» WORK ITEM
Please return only the lines from the one with "Dámský šněrovací kotník" through the final line of the data, unchanged, with pictures omitted.

» DATA EXCERPT
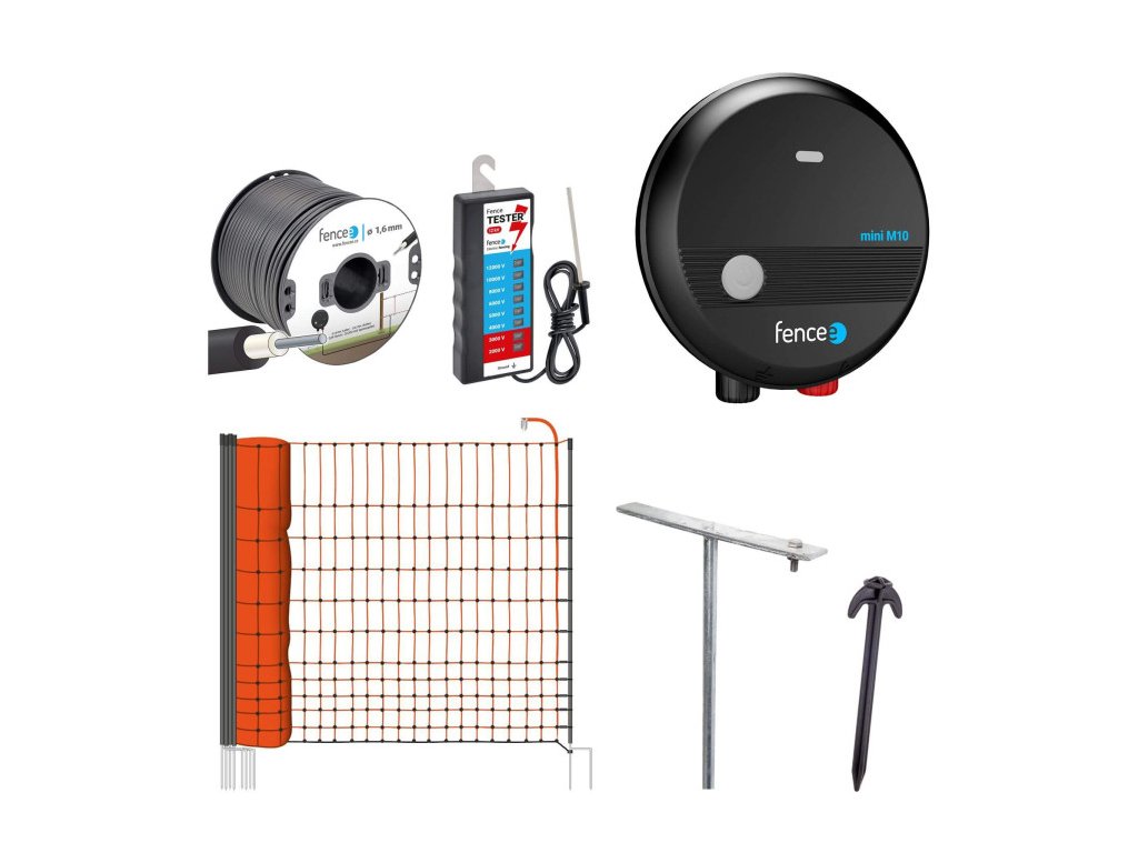 Základ sady tvoří síťový generátor fencee mini M10 s výkonem 1 J, který je univerzálně použitelný pro ohrady s délkou do 9 km. Moderní voděodolná konstrukce generátoru. Vypínač a LED kontrolky na přední straně signalizují provoz zařízení a případnou poruchu na ohradníku. Velmi spolehlivý a univerzální zdroj pro elektrický ohradník.
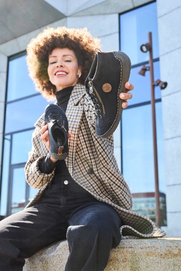 Dámský šněrovací kotník s teplou podšívkou a postranním zipem pro snadné obutí.
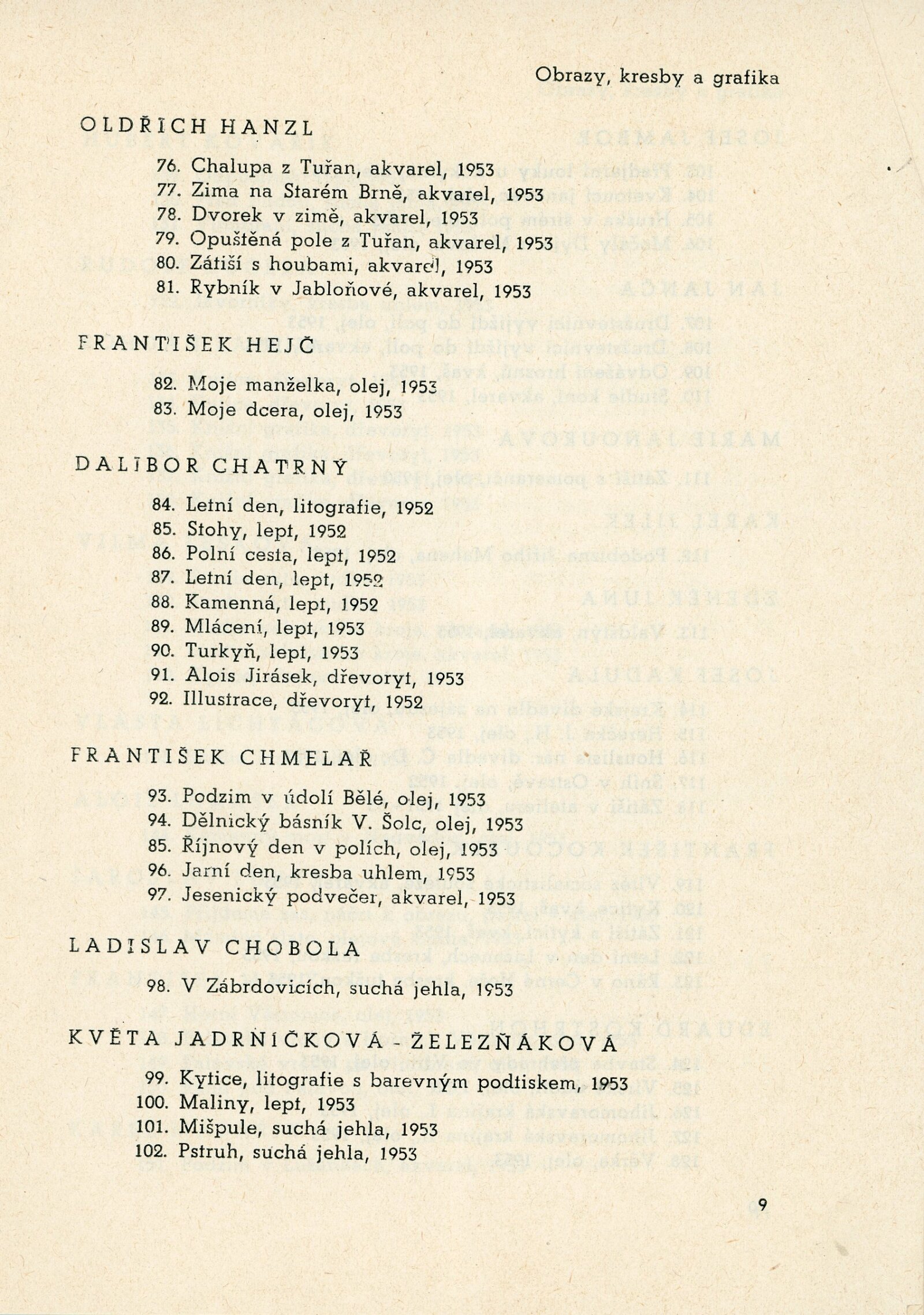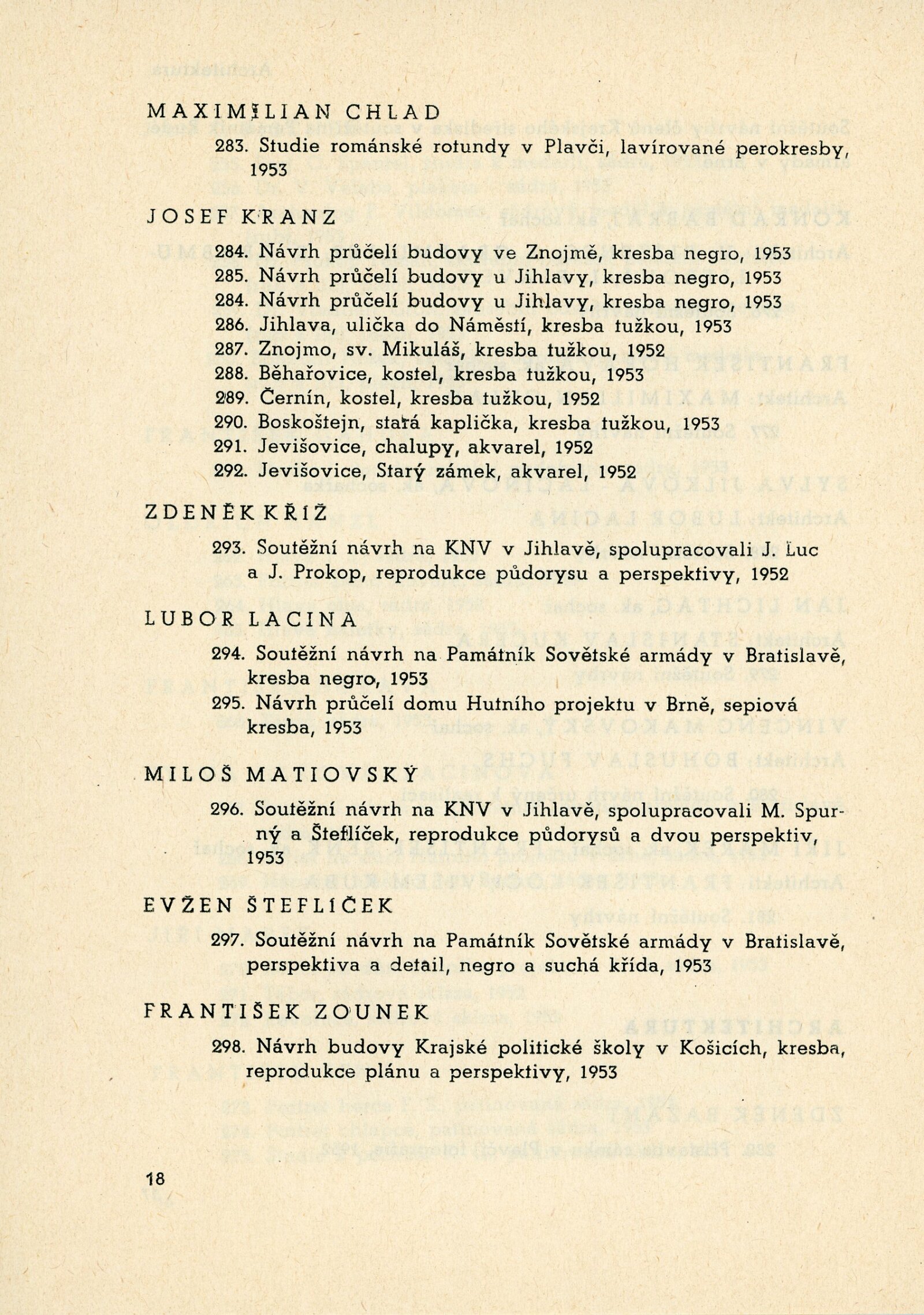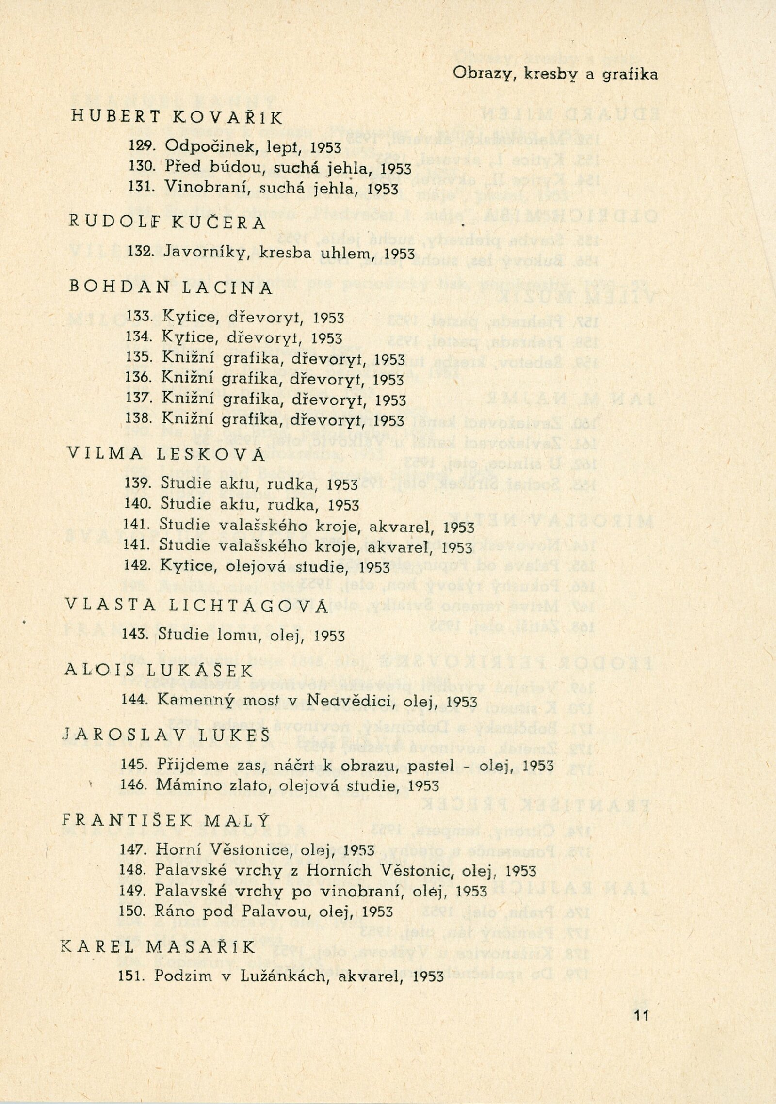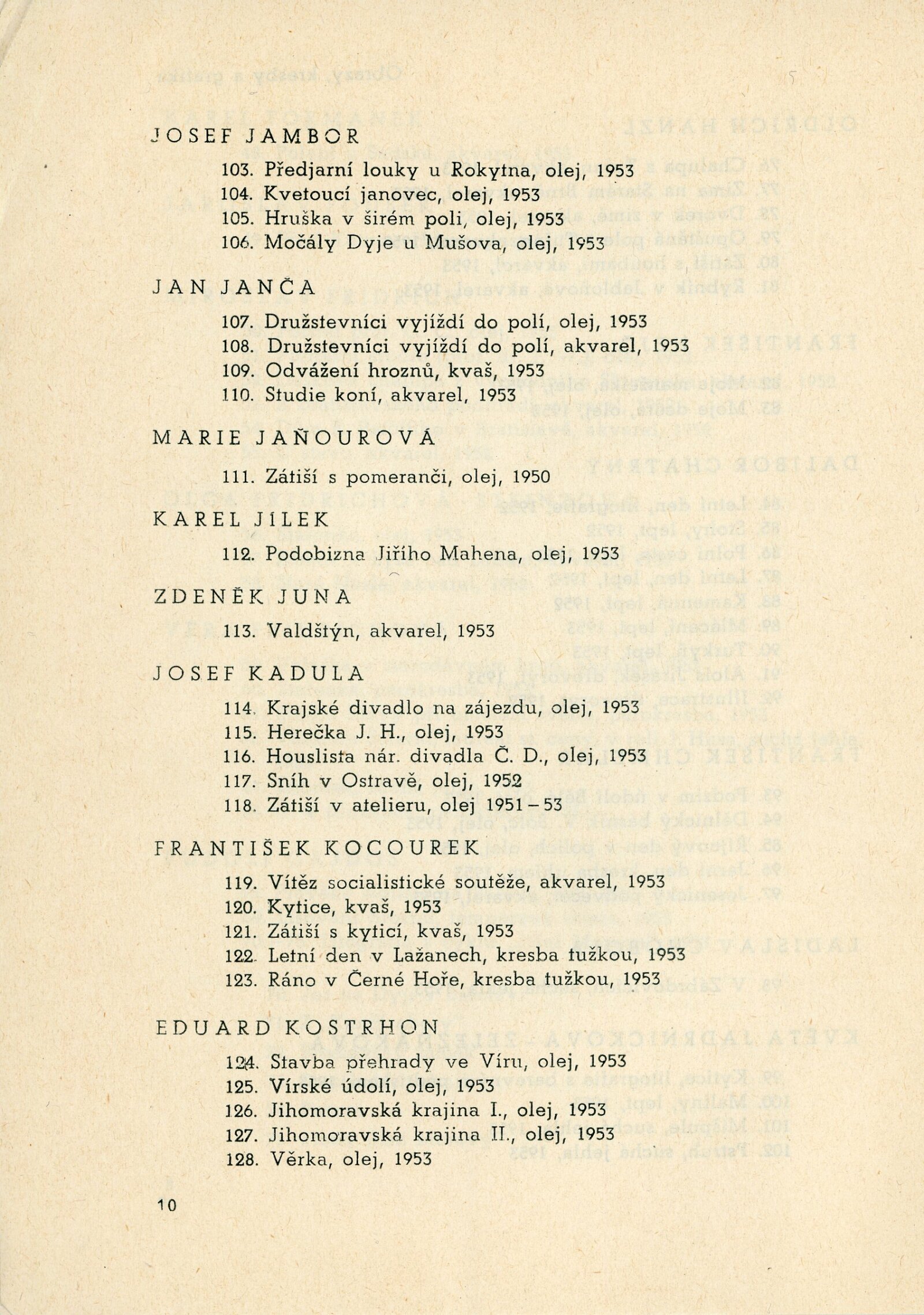 IV. členská výstava krajského střediska ÚSČSVU v Brně: Dům umění, 13. 12. 1953 – 17. 1. 1954 / Text: Václav Zykmund. – Brno: ÚSČSVU, 1953. – 21 s., obr., DU 192. – MZK; MG; MMB

» OUTPUT BELOW
 Dámský šněrovací kotník s teplou podšívkou a postranním zipem pro snadné obutí.
 IV. členská výstava krajského střediska ÚSČSVU v Brně: Dům umění, 13. 12. 1953 – 17. 1. 1954 / Text: Václav Zykmund. – Brno: ÚSČSVU, 1953. – 21 s., obr., DU 192. – MZK; MG; MMB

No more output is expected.